§ What you are asked to do: Print the line containing "Our Condition will", then every line after it through the end of the material, exactly as written and without pictures.

§ Data records:
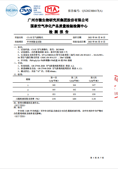 空氣消毒機(jī)檢測(cè)報(bào)告
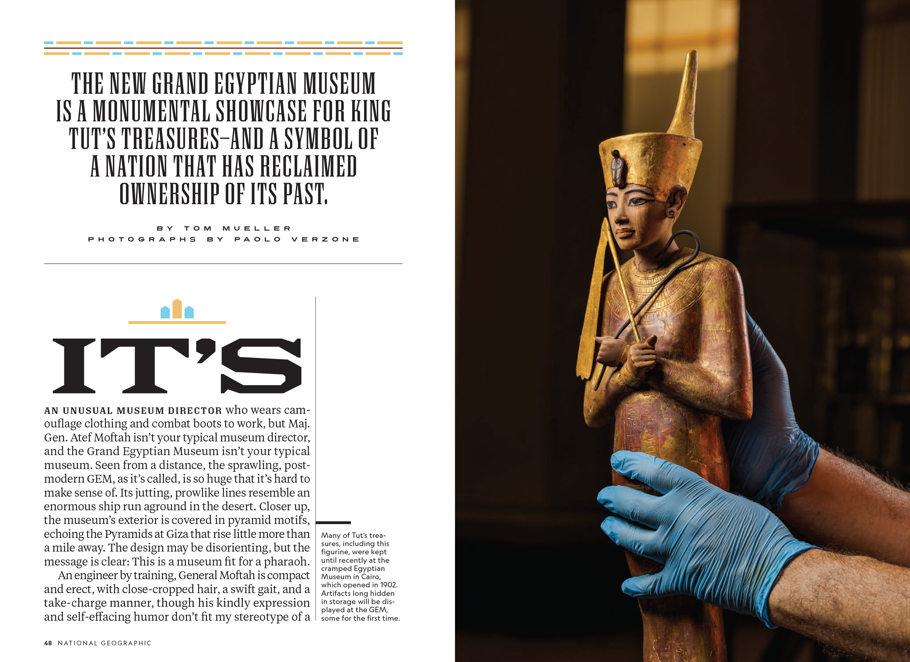 I was ready to build the final headlines, but I had a new problem: we still had weeks to go before we would get the text. I like to work, so I gave myself more work to do while we waited. I did more research on hieroglyphic systems. That led to new ways to emphasize and encapsulate important words within the headlines. I also started building a library of ornaments that echoed details in the photographs. TJ was showing me layouts and I offered to build these ornaments into elements that could be used outside of the headlines. Then I drew some decorative drop caps. Then I made a typeface that could be used for large callouts instead of Earle.
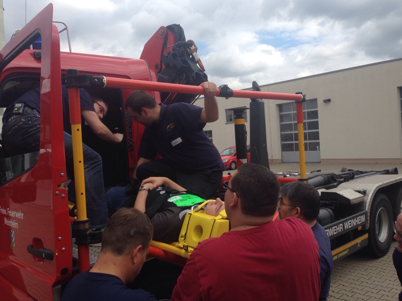 Nach einer theoretischen EinführuDSC_0233ng wurden Fallbeispiele von den Feuerwehrsanitätern in Teams abgearbeitet. Hier galt es zum Beispiel eine Person nach einem Treppensturz oder Verkehrsunfall zu versorgen. Auch die Rettung aus einem LKW mithilfe einer Rettungsplattform wurde geübt. Am Ende der Veranstaltung war man sich einig, dass man durch strukturiertes Vorgehen nach dem ABCDE-Schema sehr schnell alle wichtigen Parameter bei einem Notfall erfassen und Maßnahmen ergreifen kann.
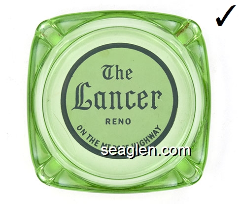 LNC-D1 Lancer Reno, NV 3 1/4" Green Glass Ashtray Black on white imprint: The Lancer Reno, On the Mt. Rose Highway |
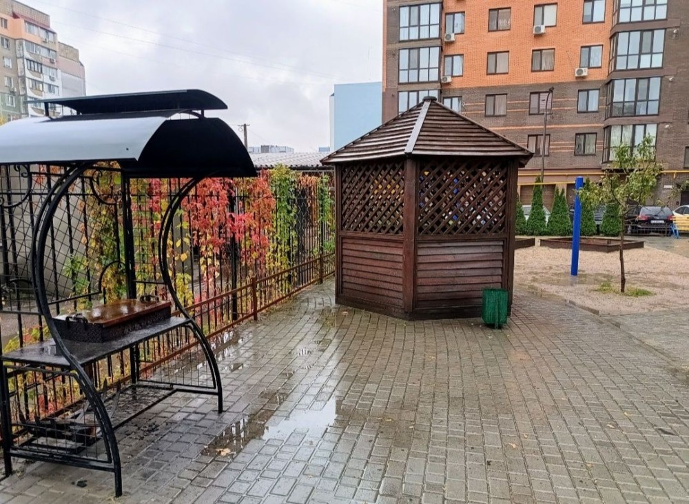 Двір закритого типу, автоматичні ворота, відеонагляд, парковка, затишна зона відпочинку, бесідки та місце для барбекю, дитячий майданчик.
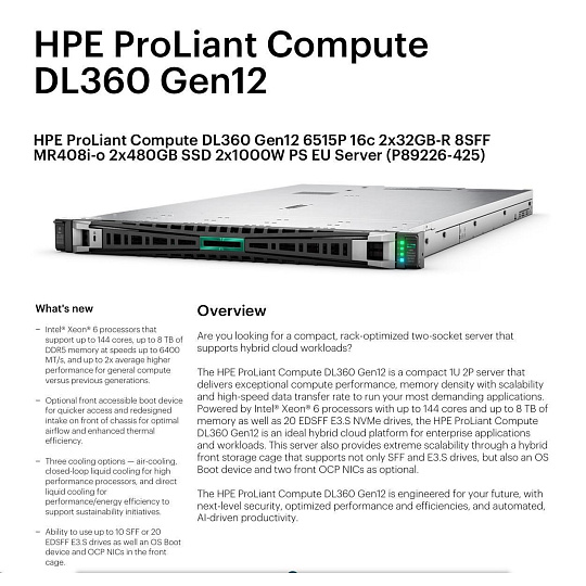 HPE PL DL360g12 6515P (2.4/16C) 4x32G (P69727) NS204i-uv2 MR408i-o 8SFF 2x1000W NBD333 Smart Choice.
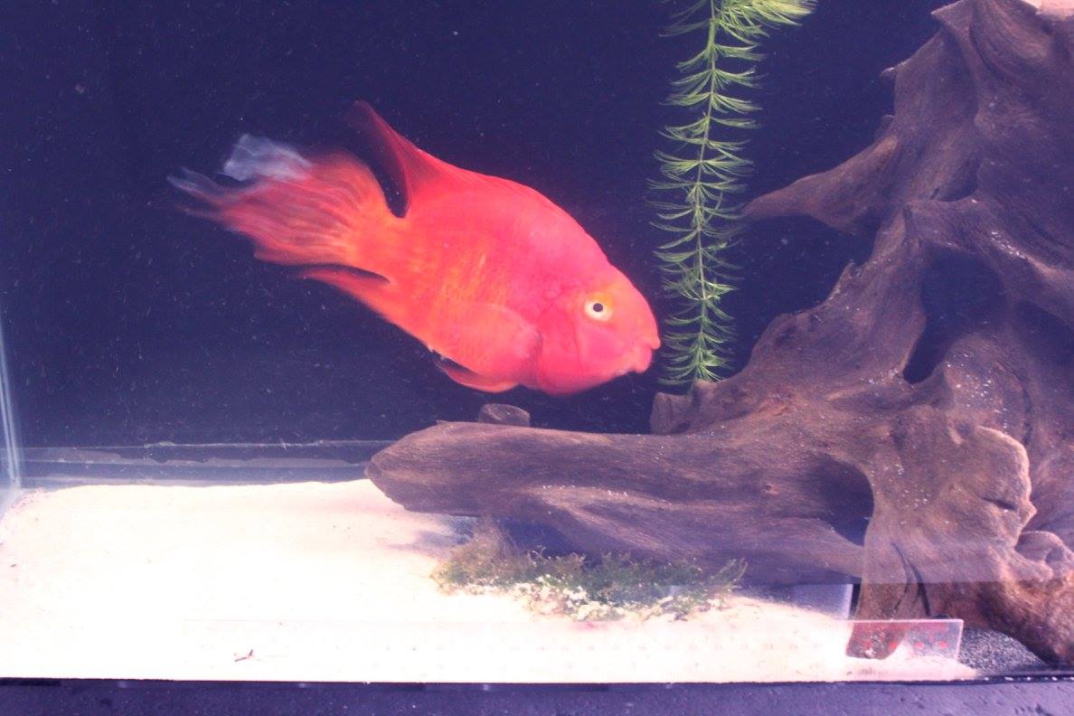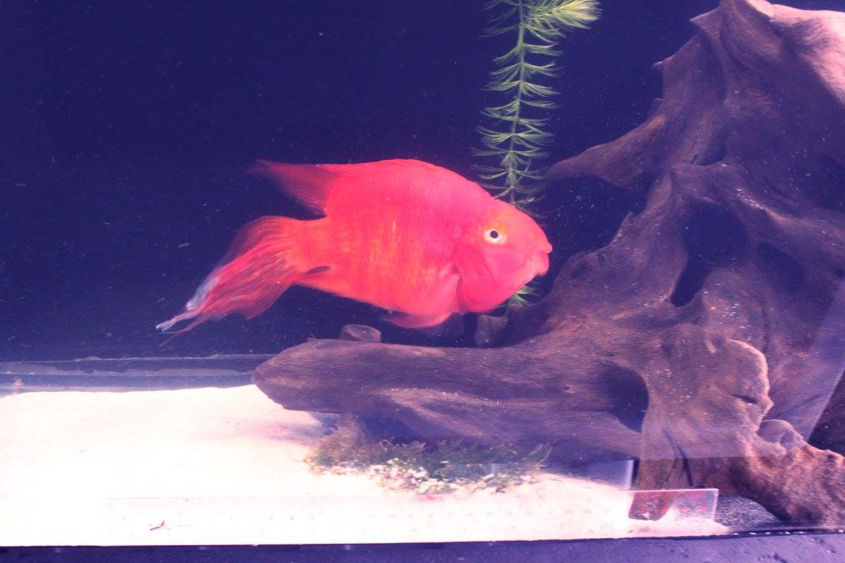 ปลานกแก้วแดงหางยาวสรงพู่กันปลายขาว/ครีบยาว เลี้ยงไว้อยู่ ไซส์ใหญ่ 6-7 นิ้ว เป็นพ่อแม่พันธุ์ได้ ราคา900บาท
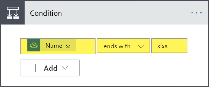 Our Condition will be to check to see if the file’s name ends with .XLSX.
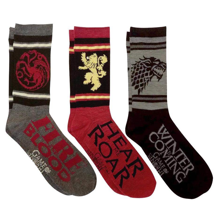 Show off your pride for your clan with this official game of thrones with these 3-pair pack Game of Thrones™ Houses socks.
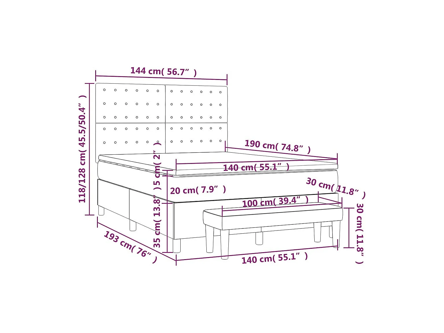 Lit à sommier tapissier avec matelas Noir 140x190 cm Tissu

§ Result:
 Our Condition will be to check to see if the file’s name ends with .XLSX.
 Show off your pride for your clan with this official game of thrones with these 3-pair pack Game of Thrones™ Houses socks.
 Lit à sommier tapissier avec matelas Noir 140x190 cm Tissu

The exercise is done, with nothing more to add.